Blogs

Excerpts from Reducing Global Road Traffic Tragedies

  • "The current road traffic tragedy in low- and middle-income countries is occurring on current road infrastructure, with a current vehicle mix, and in nations with a current level of healthcare access. Within these current parameters, countermeasures to reduce road traffic crashes and deaths must provide the largest and most immediate results at a cost these nations can at least contemplate affording."
  • "Making a measurable change in driver behavior takes years. Making a measurable change with improved vehicle safety standards and crashworthiness also takes years. Building new roads and bridges likewise takes years. Road safety engineering, however, is effective immediately and records results in weeks."

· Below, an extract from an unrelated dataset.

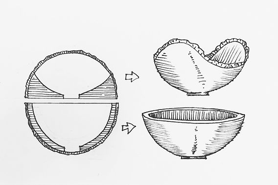 Una manera simple de conceptualizar el trabajo en un cuenco es visualizar que al dividir un tronco por la mitad verticalmente, obtenemos dos mitades que se transformarán en dos cuencos. Es fundamental destacar la eliminación del corazón o médula del tronco (a unas pulgadas desde donde nacen los anillos) debido a que esta área es propensa a rajaduras y podría ocasionar la ruptura del tronco.
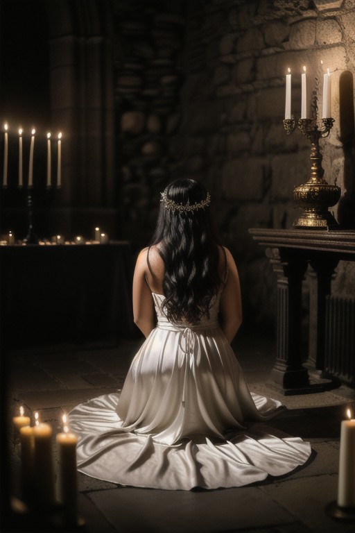 RAW photo, 8k uhd, dslr, high quality, ultra-realistic, realistic, realism, film grain, Fujifilm XT3. View from behind, dark gothic-room lit by candles•ancient stone alter•golden chalice•blood spilling out. 1woman wearing a (satin white dress)•voluptuous body•kneeling•worshiping

  • "The sharp declines in road traffic deaths from 1973 to 1985 on the roads of high-income nations did not result from a robust adoption of behaviorist policies or from safety regulations of auto designs. Rather, reduced fatalities resulted primarily from road safety engineering actions that improved existing but safety deficient roads."
  • "A mystifying issue is why few contemporaries in the highway departments of the world, and fewer in the road traffic safety professions, seem to recognize the role of pavement marking as a primary crash countermeasure. It appears that a generation of road traffic safety practitioners has grown up in high-income countries without knowing how very important pavement markings are. Further, there seems to be a notable lack of awareness of the role road safety engineering played in reversing the road traffic fatality increases in the mid 1970’s to the mid 1980’s."
  • "In recommending programs and actions for low- and middle-income countries, the United Nations and the World Health Organization have largely failed to recognize the need to first focus on making existing roads safer."
  • "Despite claiming urgency in many conferences and publications, nothing in the UN/WHO activities indicate urgency in action. With its fundamental misconception of what produced decreasing road traffic fatalities in the rich world, the UN/WHO got on the wrong track."
  • "The route to incremental gains in road safety by high-income nations is vastly different from initial and ongoing gains needed in low- and middle-income countries."
  • "There is general agreement on one basic reality which is that the cause of most crashes is due to drivers making mistakes. The issue is how to prevent as many as possible of the potential mistakes from becoming actual mistakes that result in crashes, injuries and deaths. Road safety engineering actions are immediately effective to help drivers avoid crash-causing mistakes."
  • "The Vision Zero and the safe system concept expands on road safety engineering in that the road infrastructure is viewed as an integral part of the road safety equation, with an aim to perfect it."
  • "It is plausible that much of the incomplete and erroneous thinking by the UN/WHO, and for that matter also by much of the global road safety community, links back to labeling road traffic safety a public health issue. No nation successful in minimizing traffic deaths and injuries has ever given that responsibility to a public health agency."